Les éléments qui refusent cette dérive liquidatrice sont appelés les ‘dissidents’ : Republican Sinn Féin, 32CSM, IRA ‘véritable’ et ‘continuité’, etc. (l’IRSP/INLA a pour sa part déposé les armes, à son tour, en 2009). Pour s’informer sur tout cela, et c’est très volontiers que pub leur sera faite, il y a le site des camarades de Libération Irlande, unique média de solidarité francophone ‘non-aligné’ avec la capitulation ‘Provo’. En tout cas, la guerre de libération irlandaise a donné lieu à des expériences fascinantes comme les quartiers ‘catholiques’ libérés où les forces étatiques ne pouvaient mettre les pieds qu’à leurs risques et périls (voire pas du tout), notamment le ‘Free Derry’ du quartier Bogside (début des années 1970), les maoïstes ou ‘maoïsants’ Jim Lynagh de la brigade Provo IRA de l’East Tyrone (abattu par les SAS en 1987), Jim Lane, John O’Reilly et Thomas ‘Ta’ Power de l’IRSP/INLA, les ‘maos de Cork’, etc. etc. ; expériences extrêmement instructives sur la question de la Guerre populaire en pays industrialisé.

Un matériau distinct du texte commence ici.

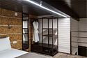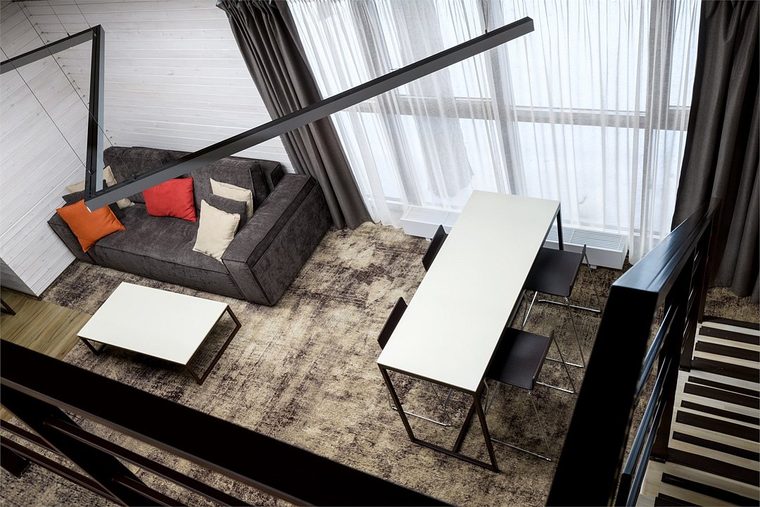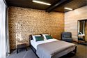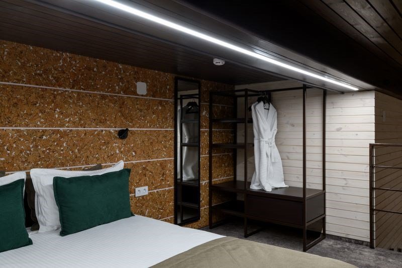 Номер расположен в основном корпусе эко-отеля на втором этаже. Одна из стен номера имеет панорамное остекление. Номер состоит из гостиной и спальни.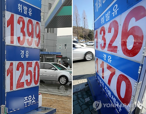 공급가 인상 전인 지난 9일 대비 1천200원대 주유소는 18곳, 1천300원대 주유소는 667곳이 줄어든 셈이다.

Les autres nations, nettement plus (et plus précocement) industrialisées (Pays de Galles minier, Lowlands écossais), ont vu très tôt se développer un mouvement ouvrier ‘socialisant’ : en 1831, le drapeau rouge est ainsi hissé au cours d’un soulèvement gallois à Merthyr Tydfil. Le mouvement socialiste écossais est également conséquent (même si le travaillisme a rapidement fait des Lowlands un de ses bastions, Gordon Brown en étant par exemple originaire) ; Connolly y fait notamment ses premières armes avant d’aller fonder l’ISRP en Irlande. Il faut cependant un certain temps pour que, sans jamais en avoir perdu conscience (la conscience nationale ne fut, de toute façon, jamais réellement niée), ce mouvement fusionne avec l’affirmation de la question nationale dans un véritable MLN socialiste (NB : le terme ‘socialiste’ reste dans les pays anglo-saxons très radicalement ‘connoté’, loin de la gestion ‘de gôche’ du capitalisme qu’il peut signifier en Europe ‘latine’).

Nous avons ainsi un mouvement républicain socialiste écossais (SRSM) né en 1973, ainsi qu’un Parti socialiste écossais anticapitaliste et indépendantiste (SSP, membre de la Gauche anticapitaliste européenne, proche du NPA, du SWP, de Syriza etc.), et même un Parti communiste, qui a scissionné du PC ‘historique’ de Grande-Bretagne lorsque celui-ci s’est débandé en ‘gauche démocratique’ à l’italienne (1991), soutient l’indépendance et fait souvent liste commune avec le SSP – l’idée d’un PC d’Écosse autonome est ancienne : John MacLean, socialiste révolutionnaire marxiste, figure du Red Clydeside (région ‘rouge’ de Glasgow) dans les années 1910 et parmi les tous premiers membres ‘britanniques’ de la 3e Internationale, la défendit en effet dès 1919-20, face aux ‘unionistes rouges’ du PC de Grande-Bretagne.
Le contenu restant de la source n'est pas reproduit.